I have been troubled recently by Israelis who have advocated avoidance of Jewish participation in this week’s Feast of Tabernacles events, under the auspices of the International Christian Embassy Jerusalem (ICEJ). The ICEJ deserves our greatest respect and gratitude in general, and for the devotion, commitment, and love for Israel make the Embassy’s work and this week’s events so important. I look forward to participating wholeheartedly.
The past few decades I have been privileged by my role as part of a crucial bridge between Jews and Christians, one that’s become more pronounced and meaningful since moving to Israel a decade ago. Sometimes, people joke and ask, “What’s a nice American born and educated Orthodox Israeli Jew doing in a place like this?” I love it when other Jews ask me, because it gives me the opportunity to share and explain that times have changed.
So to all Jews reading this, wherever they are and wherever they may be coming from, and to all Christians reading this who are in Jerusalem physically or whose hearts are here, I’m pleased to share why I will be right there beside thousands of Christians this week, with pride and pleasure, and continue to do so.

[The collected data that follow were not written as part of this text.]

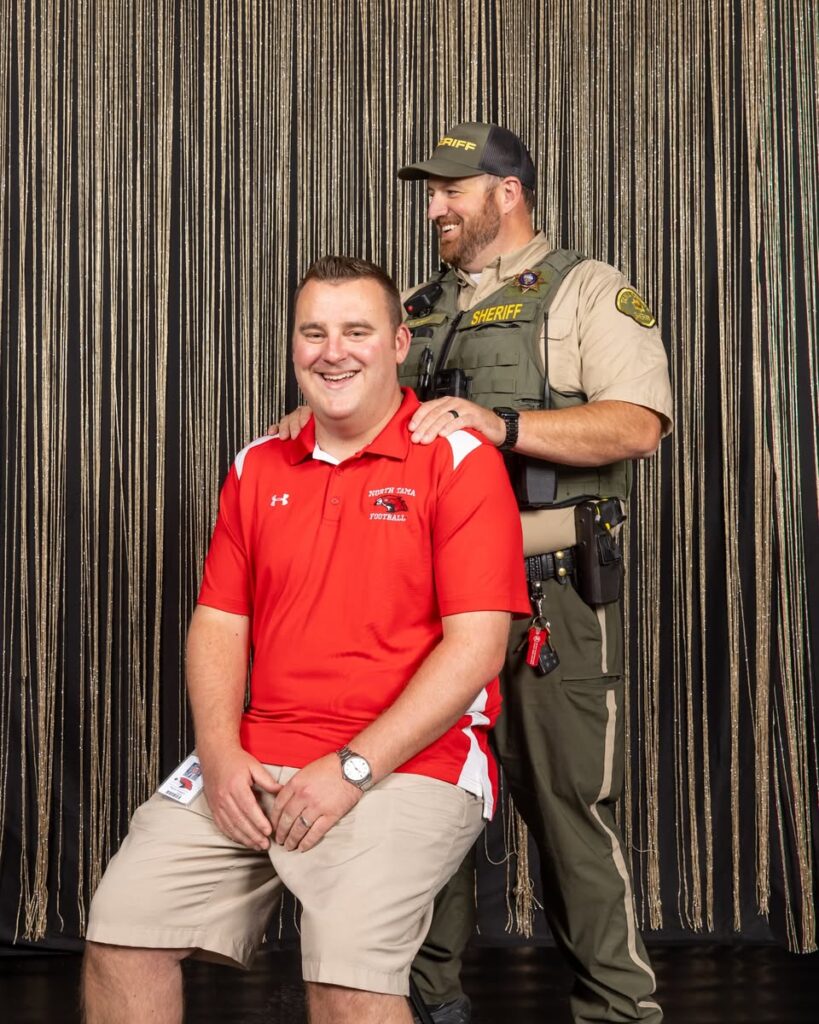 - Tama County Sheriff Casey Schmidt, standing, comically poses for a Homecoming photo alongside North Tama Principal Taylor Howard on Friday, Oct. 3, at the high school in Traer. The two were participating in the “awkward photo trend” inspired by the 2008 film “Step Brothers” starring Will Ferrell and John C. Reilly. Sheriff Schmidt and Principal Howard both worked as chaperones for the Friday evening dance. “I am sure those photos will be on display for a long time to come,” Sheriff Schmidt explained of the destined-to-be-classic snaps. “It was all in good fun and a good reminder of how lucky we are to live and serve in a place like Tama County.” PHOTO BY AMY LIDGETT OF AMY’S IMAGES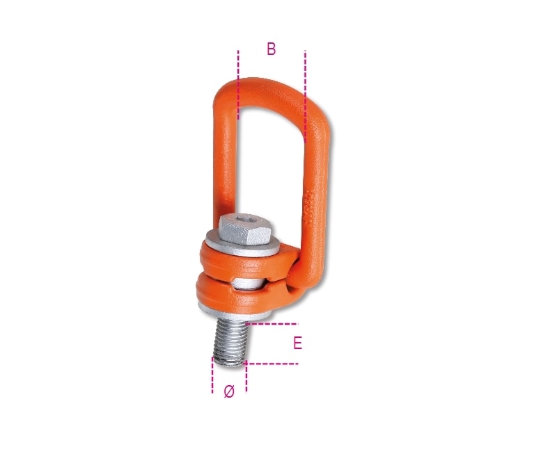 BETA - Golfare maschio per sollevamento con staffa disassata, acciaio legato ad alta resistenza, golfari girevoli disass. t. 2,5 m20-35mm.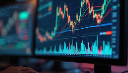 Close-up view of computer screen displaying detailed data points, statistical models. Business analysts at work, charts, graphs. Modern financial analysis in process. Stock market trading interface.
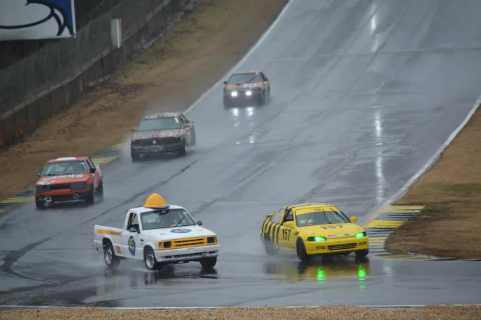 The team made another race at Carolina Motorsports Park—it’s their home track—in the fall of 2018. Results were okay, but the main occurrence was Brian sold the Emco at the end of the race. Like some sort of mechanical organ donor operation, the hot Emco was pulled from the Crown Vic as soon as the race was over by putting the sedan up on jack stands, dropping the gearbox and handing it to its new owner. Once that was done Brian headed to the post-race debrief!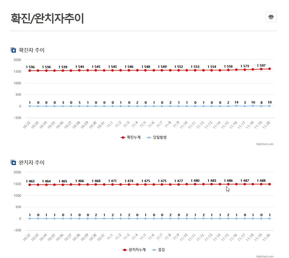 확진자 추이나 완치자 추이 확인해보시기 바랍니다. 항상 마스크 착용하는 거 잊지마세요!! 방심은 금물!!
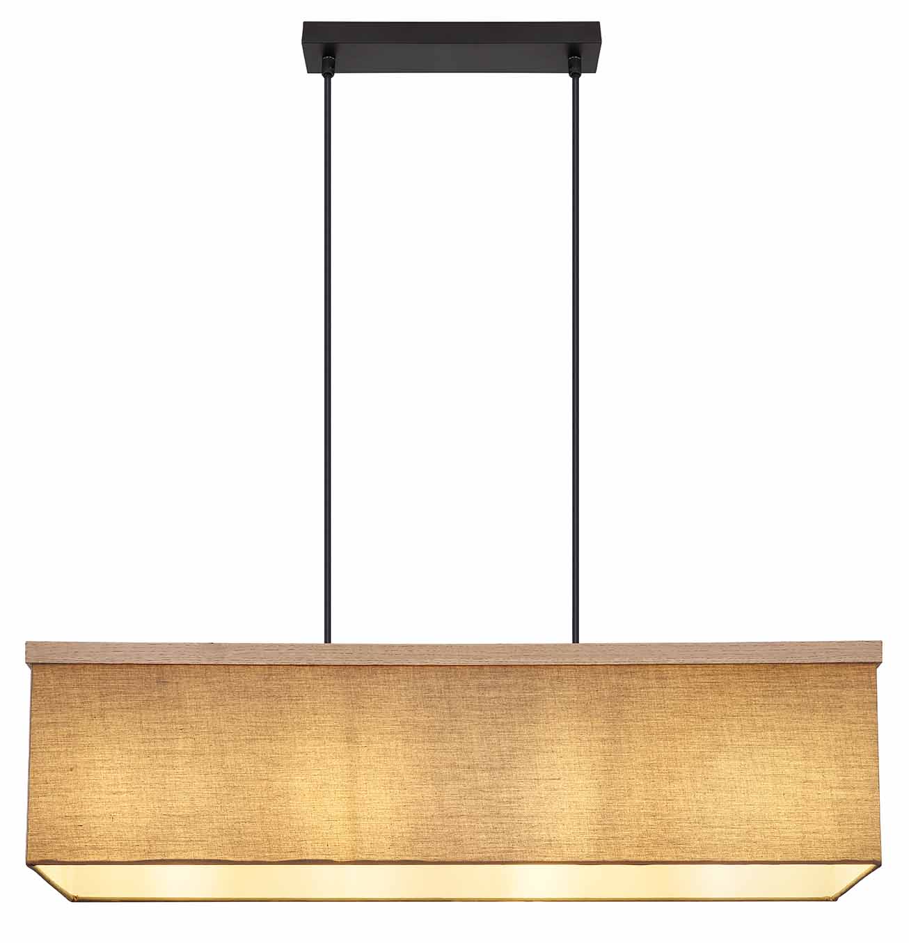 Deze hanglamp uit de OSSI-serie inspireert met twee zwarte matmetalen staven van 1,2 m die uit een smalle zwarte plafondbevestiging komen, elk met een rechthoekige textieltint in antraciet (80x20cm). Uitgerust met twee E27 LED-aansluitingen om de lichtkleur en helderheid aan te passen tot een maximaal vermogen van 9W. LED-lampen worden aanbevolen.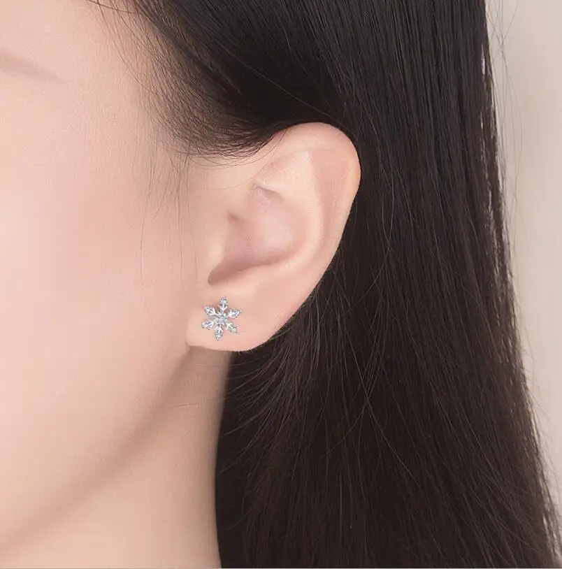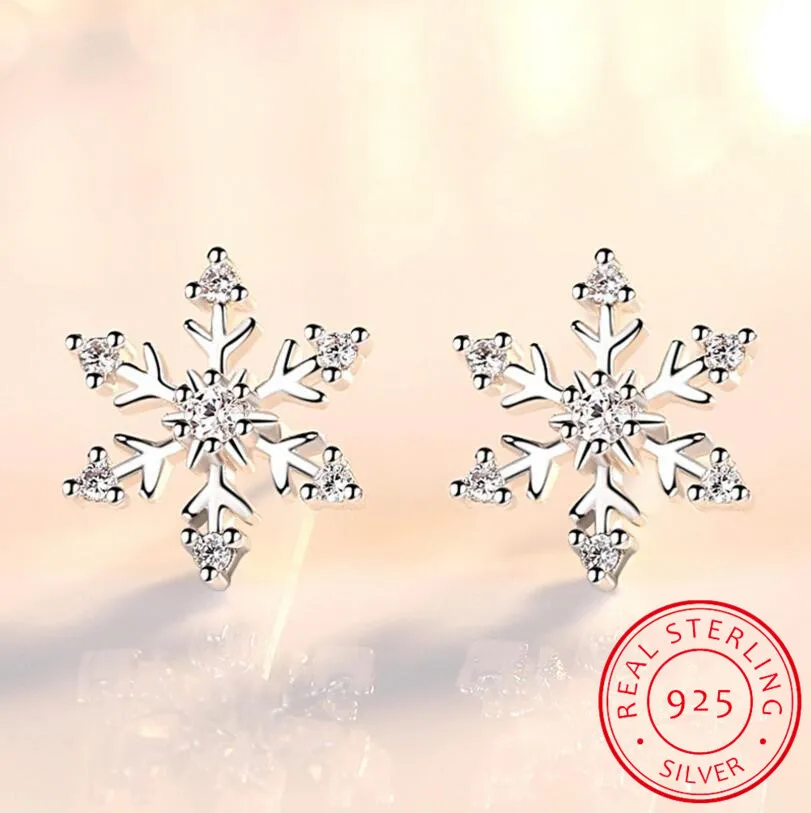 Роскошные циркониевая Снежинка серьги-гвоздики для женщин из стерлингового серебра 925 пробы Серьги-гвоздики S-E582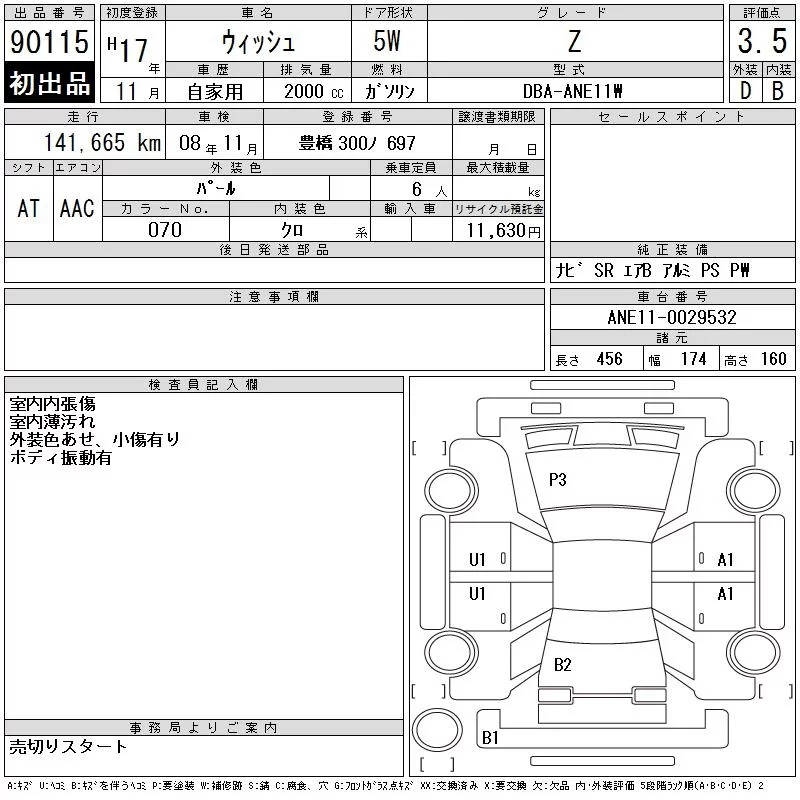 Toyota WISH с аукциона Японии CAA Chubu лот № 90115

Jews come into relationships with Christians with lots of baggage. For much of the past 2000 years, people representing “the church” committed gross horrors against us. It’s legitimate to be wary of strangers’ intentions. Because I have deep relationships with so many Christians whose love is unconditional, I get to witness to fellow Jews that this is not the Inquisition, it is not the pogroms, it is not the Holocaust, but this is a genuine love. Many still don’t get it, but some do.
Jews and Christians are united by worshiping and exalting the One true God. I am impressed by how much of Christian worship and scripture is so familiar, of course because Jesus was a Jew as were the disciples. When Jews and Christians learn more about one another, including Christianity’s roots in Judaism, we see so many things that we have in common. I have prayed with Christians each according to our tradition, experiencing God through fellowship and mutual pouring out our hearts to Him. More than once, I’ve had to wipe tears from my eyes.
Many things unite Jews and Christians. God is one. Israel is another. Once, I had the privilege of speaking with a renowned pastor and asked him, “How did you become such a great Christian Zionist leader?” His answer was vivid. He was sitting at the kitchen table with his father the day Israel was born again as a nation and his father said, “This proves that there is a God and He keeps His promises, and that everything He says is true.” There are many reasons why Christians support Israel. For Jews it’s our ancient home and modern refuge; a source of saving lives and living out prophesy. Yet the unwavering support expressed by millions and millions of Christians for Israel is a tremendous blessing and comfort, and not something to be taken for granted in a world where so many challenges exist, questioning our legitimacy and threatening our existence.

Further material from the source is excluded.